Inv# AG1076B   Stock
New-York and Harlem Rail-Road Co. signed by Jacob Little and Robert Schuyler - Stock Certificate
State(s): New York
Years: 1849

Stock signed by Jacob Little for his company. Also signed by Robert Schuyler. Very Rare!

Jacob Little originated the daring, dashing style of business in stocks, by which fortunes are made and lost in a day. He was born in Newburyport, Mass., and early exhibited great tact and aptitude for business. In 1817 he came to N.Y., and entered the store of Jacob Barker, who was at that time the most shrewd and talented merchant in the city. He remained with his master 5 years, and completed his financial education. In 1822 he opened an office in a small basement on Wall Street. Caution, self-reliance, integrity, and far-sightedness beyond his years, marked his early career. His ambition was to hold the foremost place in Wall Street. Eighteen hours a day he devoted to business. His evenings he spent in visiting retail houses to purchase uncurrent money.  He opened a correspondence with leading bankers in all the principal cities from N.Y. to New Orleans.

Twelve years of industry, integrity, and energetic devotion to business placed Mr. Little at the head of financial operations on Wall Street. He identified himself with the style of business known as " Bearing Stocks." He was called the Great Bear on 'change. His mode of business enabled him to roll up an almost untold fortune. He held on to his system till it hurled him down and beat him to pieces. For more than a quarter of a century Mr. Little's office in the old Exchange building was the centre of daring, gigantic speculations. On change his tread was that of a king.  He was rapid and prompt in his dealings, and his purchases were usually made with great judgment. He controlled so large an amount of stock that he was called the Napoleon of the Board. When capitalists regarded railroads with distrust, he put himself at the head of the railroad movement. He comprehended the profit to be derived from their construction. In this way he rolled up an immense fortune, and was known everywhere as the Railway King. He was the first-to discover when the business was overdone, and immediately changed his course. At this time the Erie was a favorite stock, and was selling at par. Mr. Little contracted to sell a large amount of this stock, to be delivered at a future day. His rivals on Wall Street, anxious to floor him, formed a combination. They took all the contracts he offered, bought up all the new stock, and placed everything out of Mr. Little's reach, making it, as they thought, impossible for him to carry out his contracts. His ruin seemed inevitable, as his rivals had both his contract and the stock. The morning dawned when the stock must be delivered, or the Great Bear of Wall Street break.  At one o'clock he entered the office of the Erie company. He presented certain certificates of indebtedness which had been issued by the corporation. By those certificates the company had covenanted to issue stock in exchange. That stock Mr. Little demanded. Nothing could be done but to comply. With that stock he met his contract, floored the conspirators, and triumphed.

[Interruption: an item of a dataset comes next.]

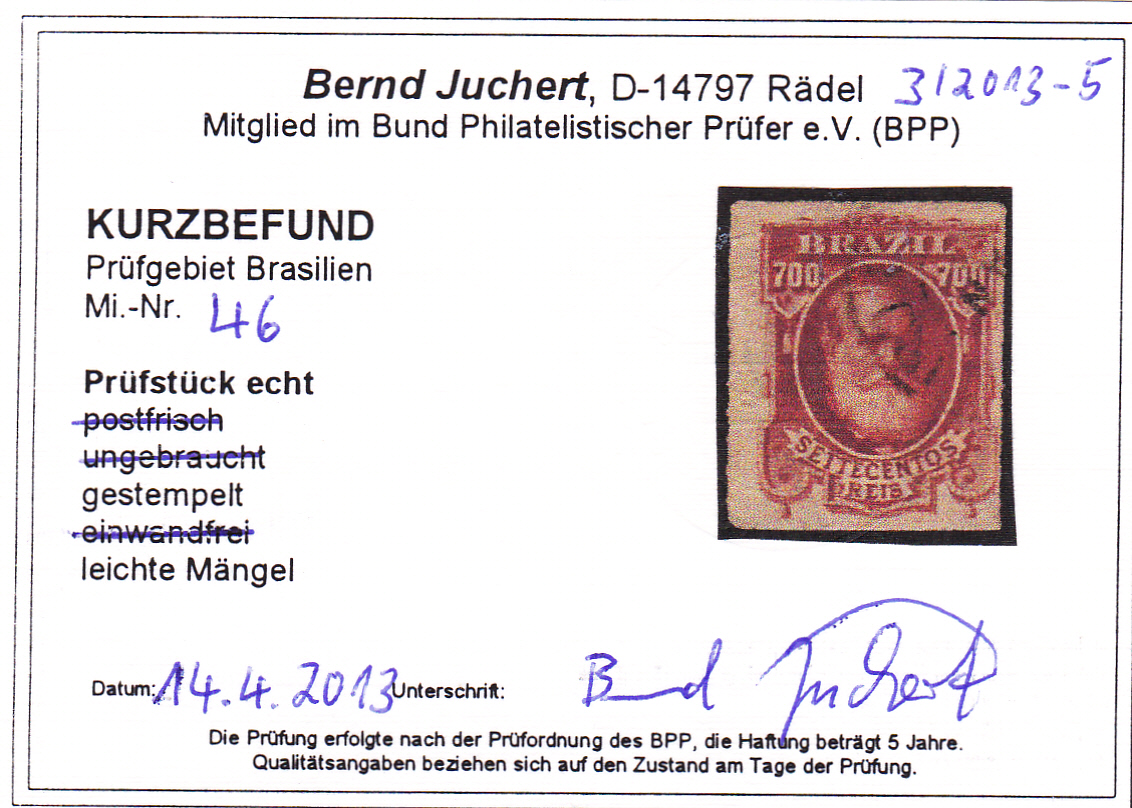 | Prüfer: | Juchert, Bernd (BPP (Bund Philatelistischer Prüfer)) |

Walking from Wall Street with a friend one day they passed through Union Square, then the abode of our wealthiest people. Looking at the rows of elegant houses, Mr. Little remarked, "I have lost money enough today to buy this whole square. Yes," he added, "and half the people in it." Three times he became bankrupt. In each failure he recovered, and paid his contracts in full. It was a common remark among the capitalists, that " Jacob Little's suspended papers were better than the checks of most men." His personal appearance was commanding. He was tall and slim; his eye expressive; his face indicated talent; the whole man inspired confidence. He was retiring in his manner, and quite diffident except in business. He was generous as a creditor. If a man could not meet his contracts, and Mr. Little was satisfied that he was honest, he never pressed him. After his first suspension, though legally free, he paid every creditor in full, though it took nearly a million dollars.

He was a devout member of the Episcopal Church. his charities were large, unostentatious, and limited to no sect. The Southern Rebellion swept away his remaining fortune, yet, without a murmur, he laid the loss on the altar of his country. He died in the bosom of his family. His last words were, * I am going up. Who will go with me ? "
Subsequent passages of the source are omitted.